The obsession that the Nation has with property may be paying dividends for builders, mortgage companies and investors alike, but the cold hard reality is that we are on the road to making many people homeless.
With whole developments now being snapped up by private companies who are only interested in maximising the level of return, escalating prices will inevitably lead to increasing numbers of applicants for social housing, whilst pushing the next occupants ever closer to the circumstances which would have led to the last tenants having to leave in the first place.
Owners may not have anything to worry about now as they concentrate on the apparently lucrative areas of today such as London. But this problem will almost certainly fan-out across the country, and will become ever bigger for as long as house prices continue to grow and people cannot afford to buy the homes which we are continually told are being built to help them. When have you ever seen newly built houses sold at a lower price than other houses in the area with comparable value?
With local authorities potentially unable to afford to house people in the very near future, the idea that having a home is only a luxury could again soon become a reality for many people.

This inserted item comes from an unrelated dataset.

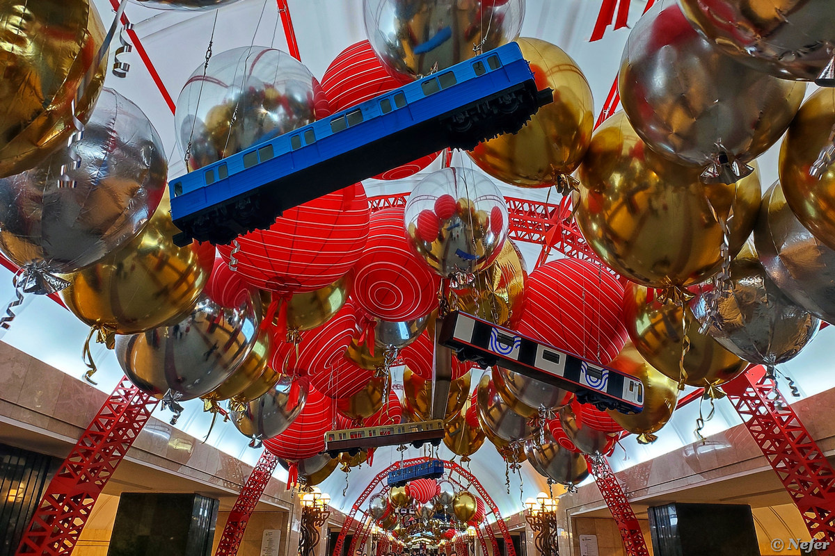 К 90-летию московского метро станцию Трубная украсили воздушными шарами и моделями поездов

Even the remotest prospect of the return of slums in Great Britain should be sending a shiver down the spines of us all, yet politicians have far from even acknowledged the true depth of the problem.

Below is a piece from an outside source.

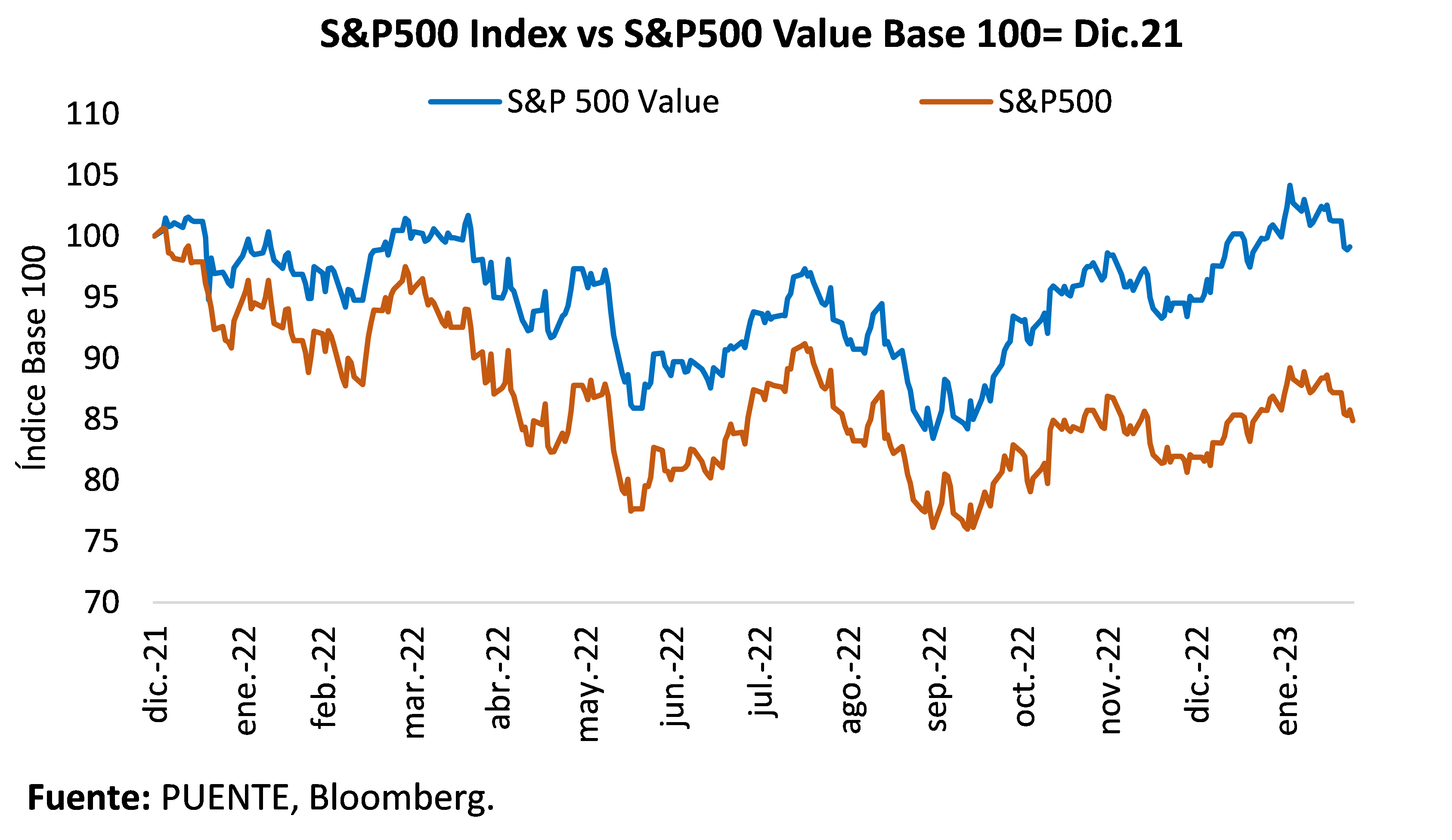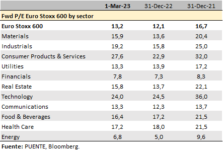 Además, creemos que el carácter value de la mayoría de las empresas europeas da lugar a una posible mejora relativa, sobre todo con respecto al sector growth más especulativo. Con respecto a sectores, las compañías energéticas forman parte del segmento value e incluso fueron las grandes impulsoras de la recuperación durante el 2022. Sin embargo, creemos que este año no será el sector que más tracción le dé a este segmento. Es probable que los sectores industrial y financiero sean más atractivos en este sentido. Dentro del financiero, nos mantenemos más cautelosos con respecto al subsector de Investment Banking dado el mayor costo de capital y de deuda, y considerando que el contexto macroeconómico no ayuda a negocios troncales como las operaciones de M&A (fusiones y adquisiciones).

Like it or not, Government will soon have to accept that there must be controls over the way the property market operates.
This may at the very least require formal regulation to ensure that prices can no longer be inflated by the commission on sales for estate agents; an industry that almost certainly carries a high portion of the responsibility of pushing prices upwards at every opportunity since the time that Right to Buy arrived.
However, steps are also likely to be required to freeze prices and possibly even begin to reduce them so that owning or renting a home is affordable in all areas of the Country for those who are earning a basic wage.
The money men may not like it. But the irresponsible creation of the hollow money which is being used to effectively price people out of their own homes can no longer be countered by the continuing creation of money by Government. The National Debt of over £1 Trillion is accumulating at a rate of over £5000 per second in the interest payments alone – before we even begin to consider the Deficit.
The days when politicians could keep borrowing money today and by doing so defer problems for those who will be in power tomorrow are coming to an end.
The question is, how many more people have to experience their own personal hell before those in power realise that tomorrow was a when, not an if, and that it has already arrived?